LLM Cost per Call Estimator

Use total tokens and call count from a bill or log to derive average cost per API call, average token usage and total spend.

Inputs

Model

Total cached input

tok

Total uncached input

tok

Total output tokens

tok

Call count

Advanced (rate)

⚠ This estimator uses the shared LLM API Pricing Table and its checked date. Provider prices may change before this site updates; official pricing pages are authoritative.

Rate 1 USD = ? CNY

CNY

Average cost per call

—CNY ≈ —

Metric	USD	CNY
Per call (avg)	—	—
Total	—	—

What it is

An LLM cost per call estimator that derives unit cost from total token usage: paste totals from a bill, log or usage report, then compute average cost per API call, average input/output tokens, cache hit rate and total spend. It matches long-tail searches like AI API unit cost, token usage cost breakdown and average token cost per request.

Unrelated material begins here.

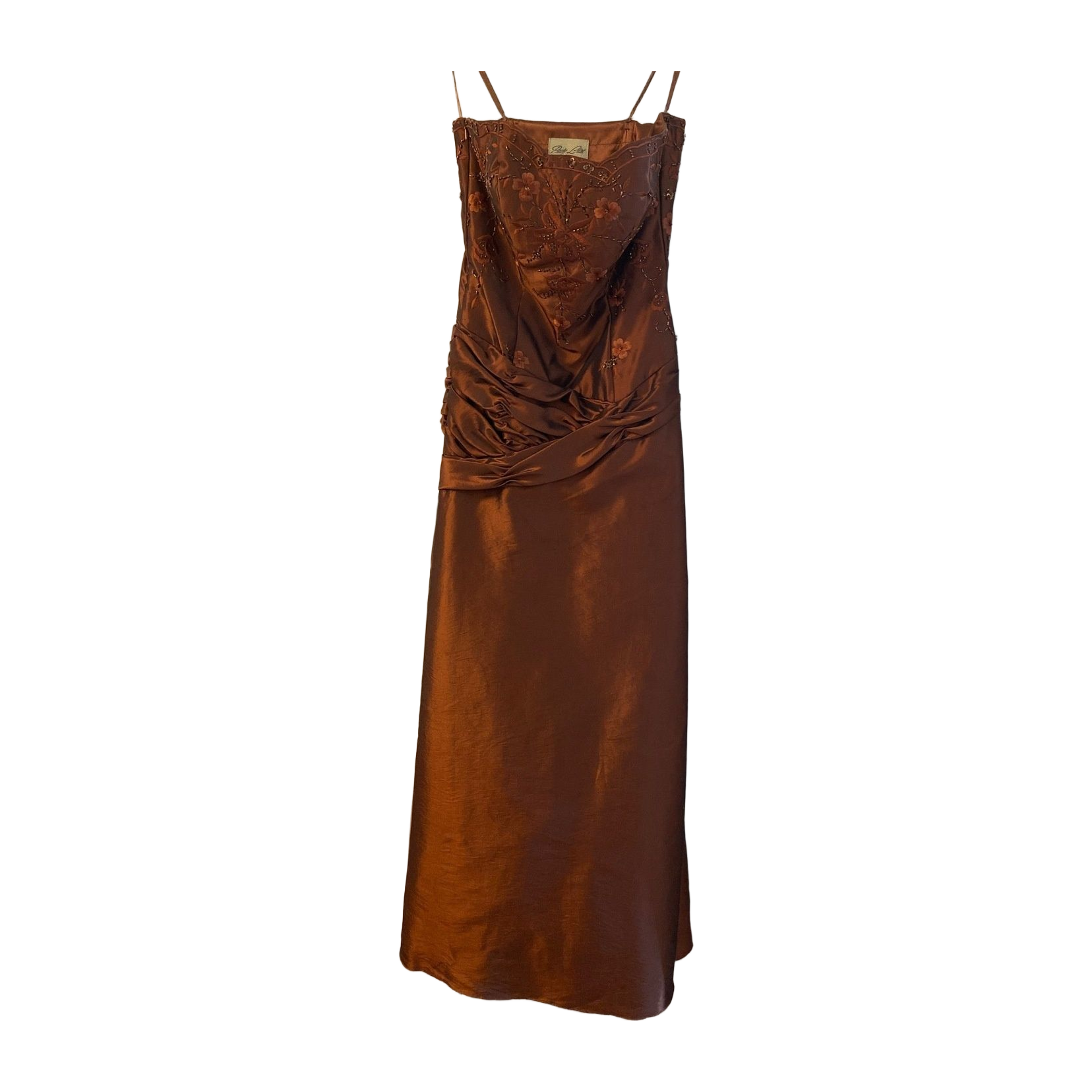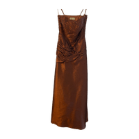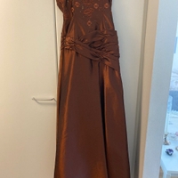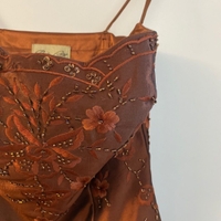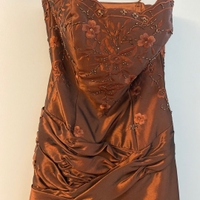 Kauniin kuparisen ruskea olkaimeton juhlamekossa, vuosia sitten ollut kerran käytössä vanhojentanssipäivänä. Loistavassa kunnossa :)

Everything is computed locally in your browser.

Related search intents: LLM cost per call · AI API unit cost calculator · cost per API call calculator · total tokens to per-call cost · average token cost per request · API usage cost breakdown · GPT cost per request · Claude cost per call · Gemini API call cost · DeepSeek cost per call · cached token cost calculator · bill token usage calculator · LLM spend breakdown · AI API average request cost

Related tools

FAQ

How is this different from the per-call tool?

That one starts from one call’s usage and projects daily/monthly totals; this one starts from a period’s totals and derives the average per call. Use this with bills/logs, that for planning.

How is the hit rate computed?

Hit rate = total cached input ÷ (total cached + total uncached input). Set cached to 0 if you don’t use caching.

What if the call count is wrong?

Call count only affects the derived per-call averages, not the total (the total comes from total tokens). A larger count means smaller derived per-call usage.

Do tiered-pricing models work here?

Yes. The tool selects the tier from the derived per-call input/output length and shows the effective tier price.

Is my data uploaded?

No. Everything is computed locally in your browser; the page records none of the values or text you enter.

How to use

Three steps

Pick a model (grouped by provider, billing currency labeled).
Enter the period’s total cached input, total uncached input, total output tokens and call count.
The panel shows the average per-call cost and the total (USD & CNY), plus the derived per-call usage and tier price.

Example

A typical example

10,000 calls in a day: 5M cached input, 25M uncached input, 12M output tokens. With Claude Sonnet 4.5 at rate 7.2: derived ~3,000 input + 1,200 output per call, ~16.7% hit rate, about ¥0.18 per call and ~¥1,850 total for the day.

Limits

Before you rely on this

The result is an average per call and hides per-call variance; for a typical single call use the per-call → totals tool.
Model rates come from the shared LLM API Pricing Table with official source links and checked dates. Visitors cannot edit site data; provider pricing pages are authoritative for real billing.
Hit rate = cached ÷ (cached + uncached) input; models with no cache price ignore the cached portion.

Last updated: 2026-06-14 · Formula: per-call input = (cached+uncached)/calls, hit rate = cached/(cached+uncached), then priced by the shared LLM API Pricing Table; official pages are authoritative.